• Supplied data:

Segment Open

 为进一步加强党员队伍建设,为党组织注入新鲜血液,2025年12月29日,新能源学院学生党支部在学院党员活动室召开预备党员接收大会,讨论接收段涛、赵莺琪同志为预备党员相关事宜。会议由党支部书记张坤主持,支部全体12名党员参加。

Segment Closed
Segment Open

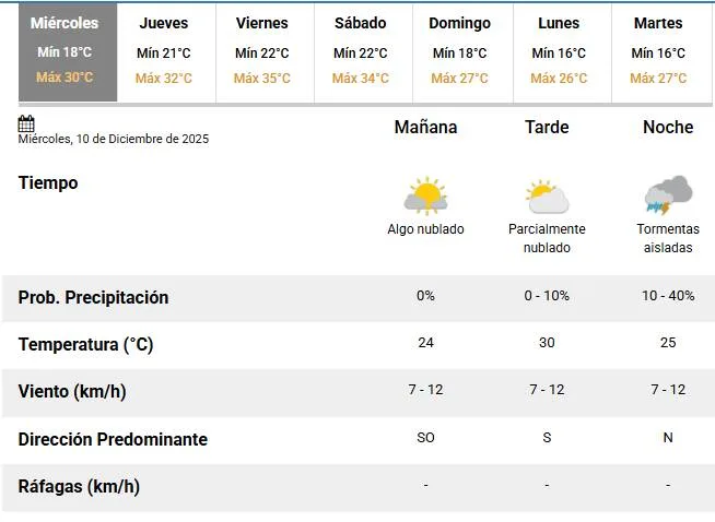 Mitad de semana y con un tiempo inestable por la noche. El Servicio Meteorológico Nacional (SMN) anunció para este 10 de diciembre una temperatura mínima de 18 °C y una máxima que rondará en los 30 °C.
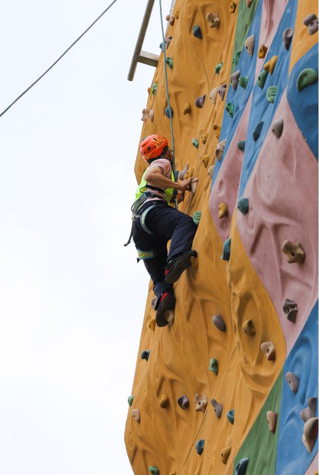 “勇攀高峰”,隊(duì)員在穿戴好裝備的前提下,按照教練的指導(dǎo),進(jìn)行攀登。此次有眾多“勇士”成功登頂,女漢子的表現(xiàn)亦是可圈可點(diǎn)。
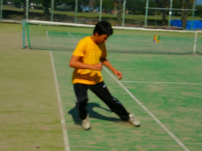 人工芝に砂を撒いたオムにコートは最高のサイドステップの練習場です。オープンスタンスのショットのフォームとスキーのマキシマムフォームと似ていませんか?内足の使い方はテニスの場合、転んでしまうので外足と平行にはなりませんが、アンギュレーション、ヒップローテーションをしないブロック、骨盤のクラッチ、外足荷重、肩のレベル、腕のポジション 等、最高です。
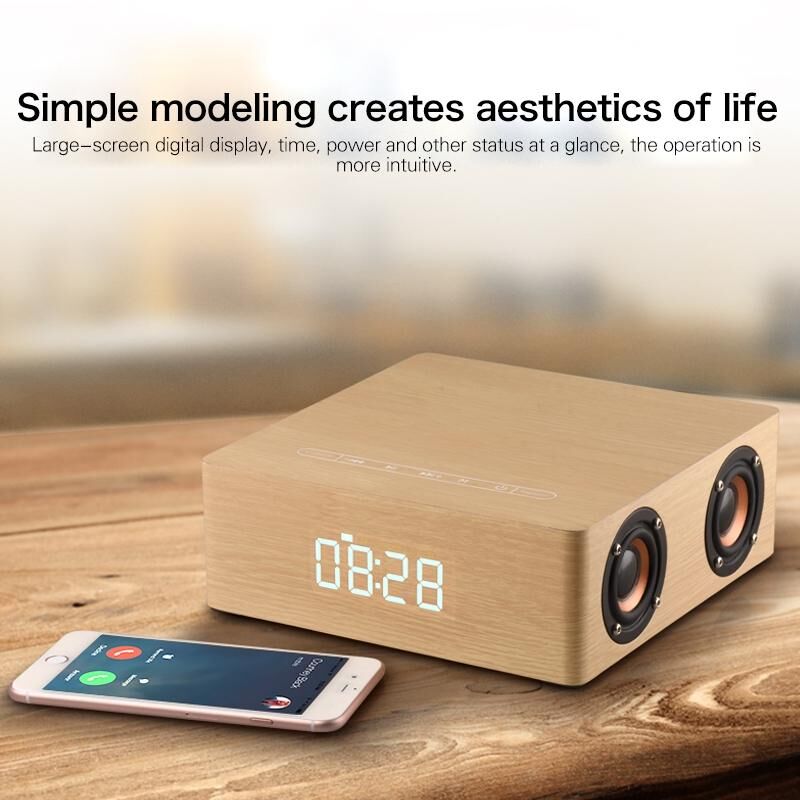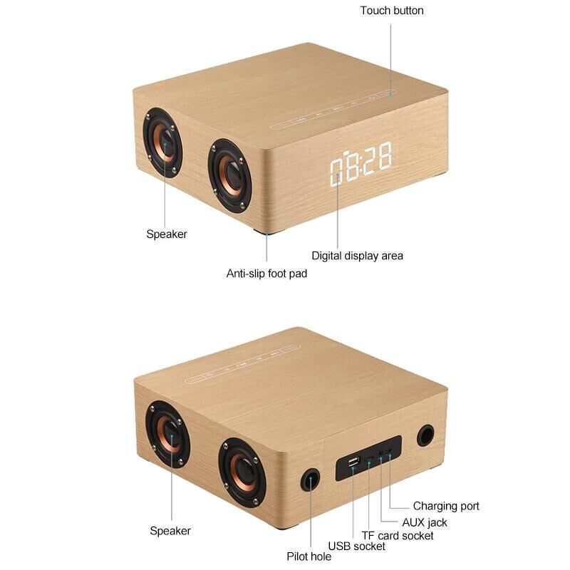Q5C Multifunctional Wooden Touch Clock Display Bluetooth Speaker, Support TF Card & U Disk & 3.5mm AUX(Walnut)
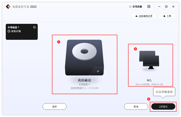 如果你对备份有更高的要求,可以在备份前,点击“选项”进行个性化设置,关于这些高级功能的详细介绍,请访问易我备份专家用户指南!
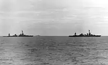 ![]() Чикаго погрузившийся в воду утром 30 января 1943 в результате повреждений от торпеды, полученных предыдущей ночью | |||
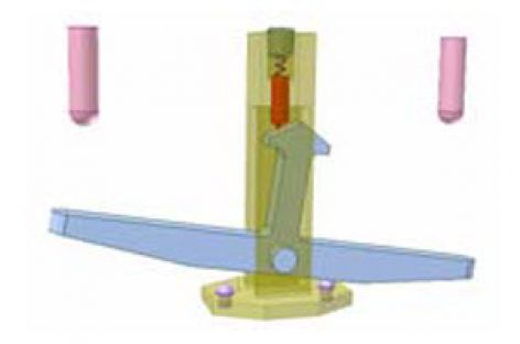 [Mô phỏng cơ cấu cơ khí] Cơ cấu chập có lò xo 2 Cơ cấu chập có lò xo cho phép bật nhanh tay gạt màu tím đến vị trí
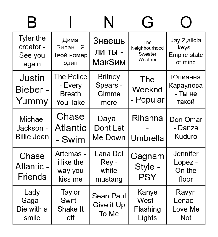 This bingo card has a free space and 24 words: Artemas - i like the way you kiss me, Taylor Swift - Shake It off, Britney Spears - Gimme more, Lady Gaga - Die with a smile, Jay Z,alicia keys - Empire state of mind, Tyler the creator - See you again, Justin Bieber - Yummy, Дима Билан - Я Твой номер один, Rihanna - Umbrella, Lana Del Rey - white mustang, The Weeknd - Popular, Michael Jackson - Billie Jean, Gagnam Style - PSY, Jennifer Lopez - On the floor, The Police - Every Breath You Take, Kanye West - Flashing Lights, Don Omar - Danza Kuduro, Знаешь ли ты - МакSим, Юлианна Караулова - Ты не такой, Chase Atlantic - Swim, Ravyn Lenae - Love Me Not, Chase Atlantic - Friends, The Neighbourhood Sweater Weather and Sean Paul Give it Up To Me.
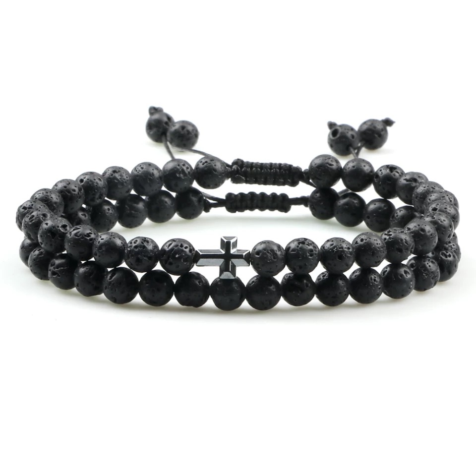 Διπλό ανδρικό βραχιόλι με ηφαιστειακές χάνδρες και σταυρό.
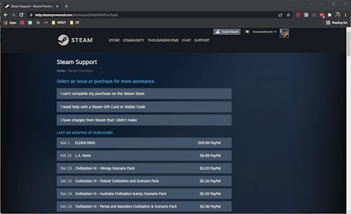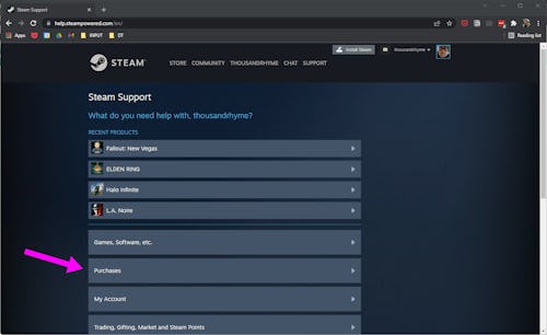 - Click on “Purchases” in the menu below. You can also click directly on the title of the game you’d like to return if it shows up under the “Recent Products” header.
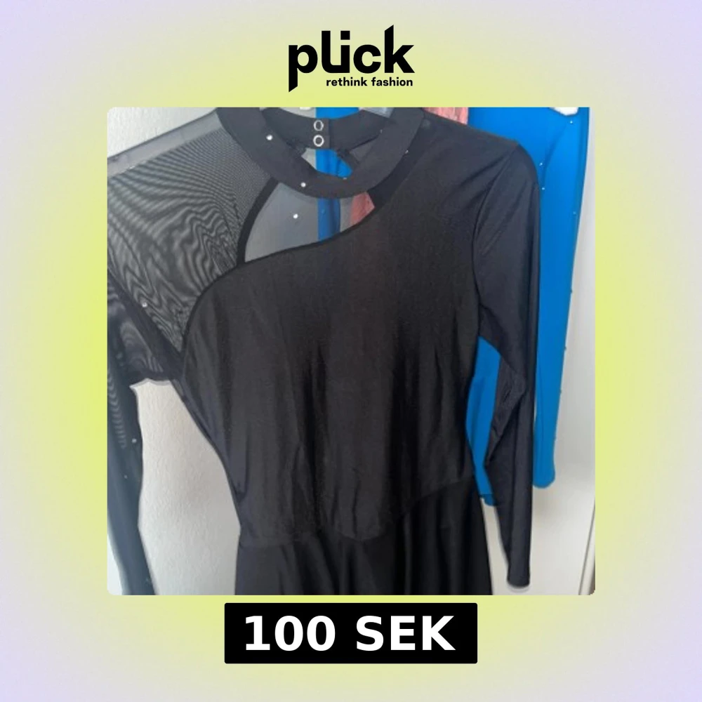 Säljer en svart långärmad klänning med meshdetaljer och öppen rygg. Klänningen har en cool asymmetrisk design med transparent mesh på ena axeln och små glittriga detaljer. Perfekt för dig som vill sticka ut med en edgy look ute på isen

Segment Closed
Segment Open

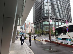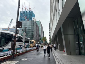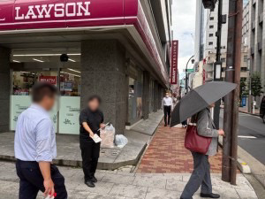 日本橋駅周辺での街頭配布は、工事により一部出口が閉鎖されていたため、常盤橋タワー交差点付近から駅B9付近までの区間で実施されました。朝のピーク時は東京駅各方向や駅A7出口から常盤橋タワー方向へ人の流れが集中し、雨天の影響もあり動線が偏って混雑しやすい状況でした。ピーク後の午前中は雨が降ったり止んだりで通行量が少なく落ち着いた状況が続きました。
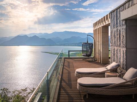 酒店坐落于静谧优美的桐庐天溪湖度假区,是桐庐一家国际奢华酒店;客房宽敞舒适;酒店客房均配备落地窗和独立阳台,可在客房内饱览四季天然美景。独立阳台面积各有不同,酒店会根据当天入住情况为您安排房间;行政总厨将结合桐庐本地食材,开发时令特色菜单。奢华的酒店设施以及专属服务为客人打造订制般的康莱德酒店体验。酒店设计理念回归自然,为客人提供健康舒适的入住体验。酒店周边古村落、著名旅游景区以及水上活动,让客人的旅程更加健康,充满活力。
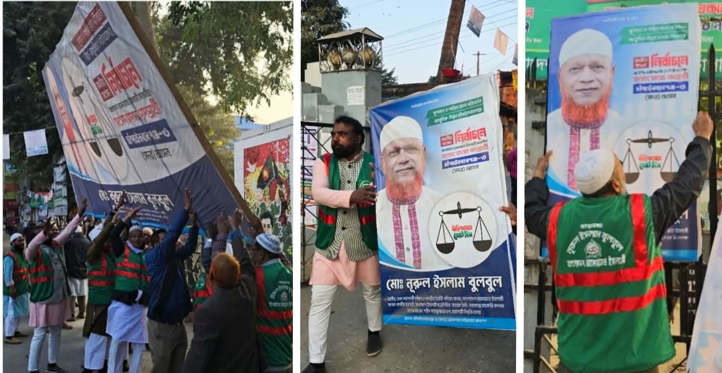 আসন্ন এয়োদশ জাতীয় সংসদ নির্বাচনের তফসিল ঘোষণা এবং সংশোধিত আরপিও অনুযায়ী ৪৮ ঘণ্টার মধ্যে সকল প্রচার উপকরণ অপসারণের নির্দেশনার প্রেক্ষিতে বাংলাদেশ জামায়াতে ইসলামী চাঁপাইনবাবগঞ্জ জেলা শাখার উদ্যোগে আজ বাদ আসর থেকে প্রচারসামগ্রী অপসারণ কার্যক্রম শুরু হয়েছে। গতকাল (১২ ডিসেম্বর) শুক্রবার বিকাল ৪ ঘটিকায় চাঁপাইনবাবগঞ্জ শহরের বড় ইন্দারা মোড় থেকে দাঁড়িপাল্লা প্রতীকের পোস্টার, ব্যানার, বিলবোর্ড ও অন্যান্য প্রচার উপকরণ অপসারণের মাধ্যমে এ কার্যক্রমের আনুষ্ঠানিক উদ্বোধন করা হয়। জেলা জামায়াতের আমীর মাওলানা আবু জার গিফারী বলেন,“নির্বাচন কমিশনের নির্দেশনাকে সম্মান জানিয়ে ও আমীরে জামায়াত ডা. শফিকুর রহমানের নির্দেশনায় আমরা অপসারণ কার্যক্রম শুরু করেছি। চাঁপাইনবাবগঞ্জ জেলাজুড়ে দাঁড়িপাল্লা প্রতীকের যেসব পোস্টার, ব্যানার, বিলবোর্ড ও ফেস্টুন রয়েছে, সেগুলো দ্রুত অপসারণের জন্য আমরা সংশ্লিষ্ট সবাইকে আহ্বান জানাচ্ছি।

Segment Closed

• How to complete this task:
Give again, exactly as written above, every line from the one holding "in the menu" to the one holding "Säljer en svart", with both ends kept and the pictures left out.

• Written answer:
 - Click on “Purchases” in the menu below. You can also click directly on the title of the game you’d like to return if it shows up under the “Recent Products” header.
 Säljer en svart långärmad klänning med meshdetaljer och öppen rygg. Klänningen har en cool asymmetrisk design med transparent mesh på ena axeln och små glittriga detaljer. Perfekt för dig som vill sticka ut med en edgy look ute på isen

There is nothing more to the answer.